I love my children. I want what is best for them. I hope they will realize this truth someday. Someday soon.
We have a birthday sleepover planned for tomorrow night in honor of Eli's 10th birthday. He has invited 5 boys over and I'm sure they plan to monopolize the XBox 360 all night - much to the consternation of Eli's brothers.
But now we have a problem. Eli. Yes, Eli is the problem. He has had the most durned-awful attitude the last two days and I am at my wit's end with him. He has been treating his brothers so badly, arguing with Mike and myself and he gives me the goofy grin that says, "Oh, I know I'm in trouble but I'm gonna make it worth my while!" Do you know the look? Er. That look pushes me to the edge, let me clue you in.
So, what to do? Can I, and should I, wait until the last moment (tomorrow morning) to give him a chance to shape up or call the party off? What would you do? We want Eli to take us seriously and that just isn't happening. Oiy!
PS. I realize that I have neglected to introduce you to E and Sam. And I will be doing that soon. They are both integral parts of our family. But they are both in the middle and tend to be lost there sometimes. So, pardon! I will get to it. Sometime.
4 comments:
I just had a long talk with my mother this morning about hard things. I'm having trouble with my little girl and potty training. It's too much trouble for her to use the potty. She would rather wet herself, then change her clothes all by herself. It's time for me to do that hard thing and make it worth her while to take the trouble to use the potty before she wets herself. Sometimes as moms we have to do the hard things. I don't know the whole situation, but I bet taking away his party will get his attention. Maybe even the threat would be enough. I don't know because I'm not his mother.
As a teacher who has had experience in disciplining elementary students and middle school age students, I'll put my two cents in on this one! :)

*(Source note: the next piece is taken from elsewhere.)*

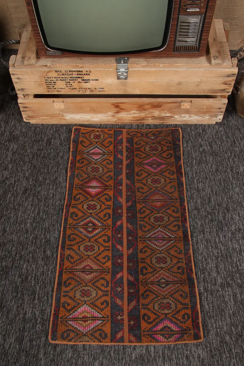 Vintage Türk Küçük Halısı 1.8x3.3 ft, Patchwork Kahverengi Halı

You need to tell him that his party is GONE! if he continues to __________. (be very specific about the behavior you don't want!) He may not take you seriously, and that means you will have to take away the party. He will not like you, and you will not like having to take it away, because you'll suffer a little along with him. But he HAS to know that you mean what you say. The next time he thinks about behaving this way, he'll remember the dire consequences.
I hate it when stuff like this happens - like when your kid is really bad at the store and you know you have to leave, but that just ruins your shopping experience.
Parenting is a tough job. . .
Tough decision Mom. I agree with Jeanette, although it would tear my heart out to have to do it myself. He'll probably think it's SO unfair (or do girls only put it that way?:) but I bet it will stick with him for a very long time.
I would probably cancel the party.
I think this is one of the harder aspects of parenting, though. I don't like the idea of giving a kid something, or telling them that they can do something, only to yank it back when they misbehave.
Having been the mom of the heartbroken kid who was going to be the punished kid's playmate, I know that you punishing your son is also punishing all his friends. But, I don't have a real clear alternative to this kind of punishment.
I think it would definitely make him sober up and realize who's really in charge, but it's not a perfect solution.
These are things I've been thinking of too. I wish kids came with a manual that spelled out what to do in certain situations. :) I keep asking God for wisdom. More wisdom please!